- Chandkheda Location in Ahmedabad, Gujarat, India Chandkheda Chandkheda (Gujarat)
- Coordinates: 23°07′06″N 72°35′12″E﻿ / ﻿23.11842°N 72.586777°E
- Country: India
- State: Gujarat
- District: Ahmedabad

Government
- • Body: Ahmedabad Municipal Corporation

Area
- • Total: 11 km^{2} (4.2 sq mi)
- Elevation: 59 m (194 ft)

Population (2011)
- • Total: 100,000
- • Density: 9,100/km^{2} (24,000/sq mi)

Languages
- • Official: Gujarati, Hindi
- Time zone: UTC+5:30 (IST)
- PIN: 382424
- Telephone code: 079-2329xxxx
- Vehicle registration: GJ-1

= Chandkheda =

Chandkheda is a well-developed area in northwestern Ahmedabad. It is situated on west of Sabarmati River.

==History==
On 19 January 2008, Chandkheda Panchayat was included under Ahmedabad Municipal Corporation's jurisdiction and ceased to exist as a separate civic body.
==Demographics==
As of 2001 India census, Chandkheda had a population of 55,477. Males constitute 53% of the population and females 47%. Chandkheda has an average literacy rate of 81%, higher than the national average of 59.5%; with male literacy of 85% and female literacy of 77%. 11% of the population is under 6 years of age.

Mostly populated by employees of ONGC and some small scale businessmen, this village is situated at a height and is thus almost never affected by floods which usually ravage low-lying areas as satellite almost every year. It has a post office, several banks, schools, malls, and a railway station earlier Meter Gauge, now converted to Broad Gauge, shop and business too.

==Development==
Chandkheda has developed into a residential area mostly because of the ONGC office situated nearby. Most of the officers choose to stay in this suburb of Ahmedabad rather than in the busy city itself. The ONGC colony has a club, a Kendriya Vidyalaya, a dispensary and an open ground in addition to other facilities.

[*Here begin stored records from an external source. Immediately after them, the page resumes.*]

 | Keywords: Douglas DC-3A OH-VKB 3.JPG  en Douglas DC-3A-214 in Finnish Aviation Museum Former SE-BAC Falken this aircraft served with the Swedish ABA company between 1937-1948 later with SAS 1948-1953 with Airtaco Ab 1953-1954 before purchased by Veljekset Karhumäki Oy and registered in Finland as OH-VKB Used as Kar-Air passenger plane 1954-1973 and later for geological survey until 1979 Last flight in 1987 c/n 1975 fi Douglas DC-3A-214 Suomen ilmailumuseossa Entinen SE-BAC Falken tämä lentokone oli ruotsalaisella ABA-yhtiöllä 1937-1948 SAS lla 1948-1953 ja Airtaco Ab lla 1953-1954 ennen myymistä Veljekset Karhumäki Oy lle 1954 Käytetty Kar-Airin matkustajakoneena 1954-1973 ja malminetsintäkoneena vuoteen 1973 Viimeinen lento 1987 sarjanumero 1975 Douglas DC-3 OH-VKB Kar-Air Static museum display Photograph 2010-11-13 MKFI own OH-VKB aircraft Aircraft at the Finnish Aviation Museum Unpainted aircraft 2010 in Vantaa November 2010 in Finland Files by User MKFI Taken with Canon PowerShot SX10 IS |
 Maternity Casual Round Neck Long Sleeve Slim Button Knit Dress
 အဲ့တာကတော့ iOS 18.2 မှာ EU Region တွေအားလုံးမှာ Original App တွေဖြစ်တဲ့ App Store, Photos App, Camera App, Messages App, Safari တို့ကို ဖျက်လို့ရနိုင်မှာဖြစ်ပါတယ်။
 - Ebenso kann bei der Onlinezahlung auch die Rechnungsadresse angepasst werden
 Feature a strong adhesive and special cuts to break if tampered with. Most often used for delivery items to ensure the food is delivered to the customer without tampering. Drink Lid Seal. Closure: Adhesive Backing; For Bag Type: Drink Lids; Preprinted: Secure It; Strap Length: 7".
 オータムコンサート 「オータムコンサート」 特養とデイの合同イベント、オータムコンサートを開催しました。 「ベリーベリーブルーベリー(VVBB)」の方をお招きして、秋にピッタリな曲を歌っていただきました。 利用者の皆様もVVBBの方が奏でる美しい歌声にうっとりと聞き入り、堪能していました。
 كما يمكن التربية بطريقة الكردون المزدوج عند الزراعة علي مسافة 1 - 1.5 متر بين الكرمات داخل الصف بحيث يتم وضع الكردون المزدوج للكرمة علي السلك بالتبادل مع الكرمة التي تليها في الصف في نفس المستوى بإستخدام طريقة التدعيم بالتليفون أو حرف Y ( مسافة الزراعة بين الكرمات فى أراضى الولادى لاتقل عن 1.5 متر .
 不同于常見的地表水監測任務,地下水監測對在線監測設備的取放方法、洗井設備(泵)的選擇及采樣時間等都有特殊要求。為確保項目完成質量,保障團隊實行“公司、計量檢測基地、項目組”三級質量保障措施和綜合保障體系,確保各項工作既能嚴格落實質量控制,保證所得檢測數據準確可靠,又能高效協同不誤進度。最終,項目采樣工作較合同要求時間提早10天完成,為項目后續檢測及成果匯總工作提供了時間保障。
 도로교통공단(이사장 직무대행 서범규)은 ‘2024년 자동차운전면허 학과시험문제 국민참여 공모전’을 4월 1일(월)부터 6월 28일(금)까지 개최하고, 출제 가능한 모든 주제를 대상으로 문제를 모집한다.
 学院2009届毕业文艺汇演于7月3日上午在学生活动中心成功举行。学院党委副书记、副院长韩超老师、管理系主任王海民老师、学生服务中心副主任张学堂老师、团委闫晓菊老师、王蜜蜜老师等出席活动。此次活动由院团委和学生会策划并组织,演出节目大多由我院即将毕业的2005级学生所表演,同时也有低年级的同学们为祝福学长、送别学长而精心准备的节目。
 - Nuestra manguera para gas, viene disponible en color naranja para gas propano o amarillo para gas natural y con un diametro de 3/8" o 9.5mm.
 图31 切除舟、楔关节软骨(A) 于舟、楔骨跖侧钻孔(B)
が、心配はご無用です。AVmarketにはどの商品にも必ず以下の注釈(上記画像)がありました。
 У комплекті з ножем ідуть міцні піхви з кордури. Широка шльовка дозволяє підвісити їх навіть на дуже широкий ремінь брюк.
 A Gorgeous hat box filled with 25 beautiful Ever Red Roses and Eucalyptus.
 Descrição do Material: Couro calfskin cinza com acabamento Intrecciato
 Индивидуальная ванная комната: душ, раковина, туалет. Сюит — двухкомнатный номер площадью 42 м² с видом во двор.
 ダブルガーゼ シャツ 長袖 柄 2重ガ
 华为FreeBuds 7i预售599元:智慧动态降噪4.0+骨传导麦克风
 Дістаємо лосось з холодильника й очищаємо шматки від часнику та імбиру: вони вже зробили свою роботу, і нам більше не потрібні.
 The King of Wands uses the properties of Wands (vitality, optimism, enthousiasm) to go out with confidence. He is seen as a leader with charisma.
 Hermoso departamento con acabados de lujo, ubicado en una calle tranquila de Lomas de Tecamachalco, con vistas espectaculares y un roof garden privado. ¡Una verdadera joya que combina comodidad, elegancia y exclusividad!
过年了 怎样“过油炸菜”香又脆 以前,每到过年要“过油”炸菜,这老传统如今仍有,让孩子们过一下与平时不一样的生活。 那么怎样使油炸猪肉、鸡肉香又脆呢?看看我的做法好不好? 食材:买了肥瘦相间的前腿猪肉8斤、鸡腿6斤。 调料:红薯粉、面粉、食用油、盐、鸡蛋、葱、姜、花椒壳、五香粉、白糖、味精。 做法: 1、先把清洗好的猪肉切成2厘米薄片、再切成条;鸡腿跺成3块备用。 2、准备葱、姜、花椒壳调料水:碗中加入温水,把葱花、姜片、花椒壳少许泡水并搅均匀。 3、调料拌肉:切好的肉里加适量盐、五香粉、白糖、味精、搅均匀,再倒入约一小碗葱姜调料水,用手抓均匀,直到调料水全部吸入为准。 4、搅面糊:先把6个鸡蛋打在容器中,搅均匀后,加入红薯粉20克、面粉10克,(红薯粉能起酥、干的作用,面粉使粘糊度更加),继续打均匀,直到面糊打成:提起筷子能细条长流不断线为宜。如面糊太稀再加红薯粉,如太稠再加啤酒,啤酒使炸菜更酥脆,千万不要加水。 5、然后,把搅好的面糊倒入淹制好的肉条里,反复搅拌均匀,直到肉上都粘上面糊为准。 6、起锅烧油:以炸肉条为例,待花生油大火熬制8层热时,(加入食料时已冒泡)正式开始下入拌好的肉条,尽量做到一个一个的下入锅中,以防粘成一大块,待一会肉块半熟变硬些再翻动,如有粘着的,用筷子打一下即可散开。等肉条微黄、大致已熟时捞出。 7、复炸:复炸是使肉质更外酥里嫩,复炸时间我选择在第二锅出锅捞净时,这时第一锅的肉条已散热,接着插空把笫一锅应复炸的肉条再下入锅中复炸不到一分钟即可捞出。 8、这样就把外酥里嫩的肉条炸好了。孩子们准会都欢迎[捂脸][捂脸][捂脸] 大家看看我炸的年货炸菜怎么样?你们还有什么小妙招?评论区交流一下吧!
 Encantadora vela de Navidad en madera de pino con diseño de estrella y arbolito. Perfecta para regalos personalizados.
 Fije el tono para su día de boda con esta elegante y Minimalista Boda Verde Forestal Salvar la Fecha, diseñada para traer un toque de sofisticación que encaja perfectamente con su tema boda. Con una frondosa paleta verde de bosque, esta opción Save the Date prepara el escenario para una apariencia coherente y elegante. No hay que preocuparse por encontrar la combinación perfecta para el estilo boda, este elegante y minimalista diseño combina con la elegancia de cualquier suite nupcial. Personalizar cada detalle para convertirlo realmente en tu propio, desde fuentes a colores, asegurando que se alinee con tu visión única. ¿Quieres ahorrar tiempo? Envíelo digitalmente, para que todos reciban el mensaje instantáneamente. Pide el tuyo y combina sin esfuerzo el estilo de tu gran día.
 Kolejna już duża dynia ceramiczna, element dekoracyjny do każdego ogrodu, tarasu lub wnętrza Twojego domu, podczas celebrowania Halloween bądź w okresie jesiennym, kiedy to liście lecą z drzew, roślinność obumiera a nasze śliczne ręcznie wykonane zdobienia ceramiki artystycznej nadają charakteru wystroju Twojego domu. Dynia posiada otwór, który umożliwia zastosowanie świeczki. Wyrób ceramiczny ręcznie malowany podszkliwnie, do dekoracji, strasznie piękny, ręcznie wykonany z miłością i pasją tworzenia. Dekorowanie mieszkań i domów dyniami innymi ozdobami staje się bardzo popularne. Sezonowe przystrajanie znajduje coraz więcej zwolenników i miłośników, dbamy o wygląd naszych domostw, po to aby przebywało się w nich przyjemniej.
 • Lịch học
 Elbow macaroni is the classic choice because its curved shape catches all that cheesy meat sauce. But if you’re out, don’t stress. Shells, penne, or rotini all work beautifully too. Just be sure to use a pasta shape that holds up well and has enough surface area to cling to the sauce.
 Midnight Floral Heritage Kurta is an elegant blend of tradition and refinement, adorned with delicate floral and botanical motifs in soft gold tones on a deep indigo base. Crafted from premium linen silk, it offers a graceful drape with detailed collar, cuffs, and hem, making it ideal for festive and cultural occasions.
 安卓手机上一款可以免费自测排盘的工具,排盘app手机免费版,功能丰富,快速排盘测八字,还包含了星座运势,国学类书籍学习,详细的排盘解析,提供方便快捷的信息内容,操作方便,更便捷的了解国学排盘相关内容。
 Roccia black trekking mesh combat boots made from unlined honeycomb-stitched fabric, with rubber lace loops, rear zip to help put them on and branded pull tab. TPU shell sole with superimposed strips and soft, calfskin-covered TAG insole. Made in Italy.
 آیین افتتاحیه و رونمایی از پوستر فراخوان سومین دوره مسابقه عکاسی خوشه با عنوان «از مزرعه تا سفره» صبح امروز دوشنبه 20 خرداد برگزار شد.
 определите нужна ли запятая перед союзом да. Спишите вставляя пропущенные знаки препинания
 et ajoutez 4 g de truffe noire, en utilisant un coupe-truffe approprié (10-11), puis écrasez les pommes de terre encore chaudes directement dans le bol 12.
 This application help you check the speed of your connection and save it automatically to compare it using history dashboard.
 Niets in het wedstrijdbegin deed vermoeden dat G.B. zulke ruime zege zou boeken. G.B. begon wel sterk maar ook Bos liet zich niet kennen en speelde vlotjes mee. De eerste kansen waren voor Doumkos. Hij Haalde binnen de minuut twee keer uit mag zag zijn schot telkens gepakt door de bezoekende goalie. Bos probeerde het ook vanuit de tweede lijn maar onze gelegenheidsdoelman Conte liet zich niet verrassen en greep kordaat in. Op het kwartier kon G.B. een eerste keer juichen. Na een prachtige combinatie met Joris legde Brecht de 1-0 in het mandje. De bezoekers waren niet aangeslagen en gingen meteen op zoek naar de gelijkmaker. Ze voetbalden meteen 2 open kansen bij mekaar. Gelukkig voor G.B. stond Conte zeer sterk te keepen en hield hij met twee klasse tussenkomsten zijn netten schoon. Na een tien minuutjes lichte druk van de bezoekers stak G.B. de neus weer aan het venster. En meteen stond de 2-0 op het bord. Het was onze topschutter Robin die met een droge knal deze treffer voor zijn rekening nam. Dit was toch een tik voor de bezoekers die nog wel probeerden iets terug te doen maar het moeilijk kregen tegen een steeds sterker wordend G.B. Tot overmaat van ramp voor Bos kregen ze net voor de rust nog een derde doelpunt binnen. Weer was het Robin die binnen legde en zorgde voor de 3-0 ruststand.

There are many housing societies in the area.

===New C.G.Road===
The newly developed 100 ft wide "New C.G. Road" (Chandkheda-Gandhinagar) road is a residential area. It includes the Vishwakarma Government Engineering College(VGEC). This college was also a temporary campus for IIT Gandhinagar during its early stages. VGEC is now the campus for GTU university. There are several schools and educational institutes situated here with some notable ones including Podar International School Chandkheda branch.

===4D Mall===

4D Square Mall is a shopping mall situated near Visat-Gandhinagar highway. There are many brand stores there.

===Devbhoomi===
Devbhoomi, officially known as Parshwanath nagar, is a residential area near ONGC colony and New C.G. road. Devbhoomihas around 1000+ houses. Having these many houses, Devbhoomiis considered as the second largest residential society in Chandkheda after Gujarat Housing Board.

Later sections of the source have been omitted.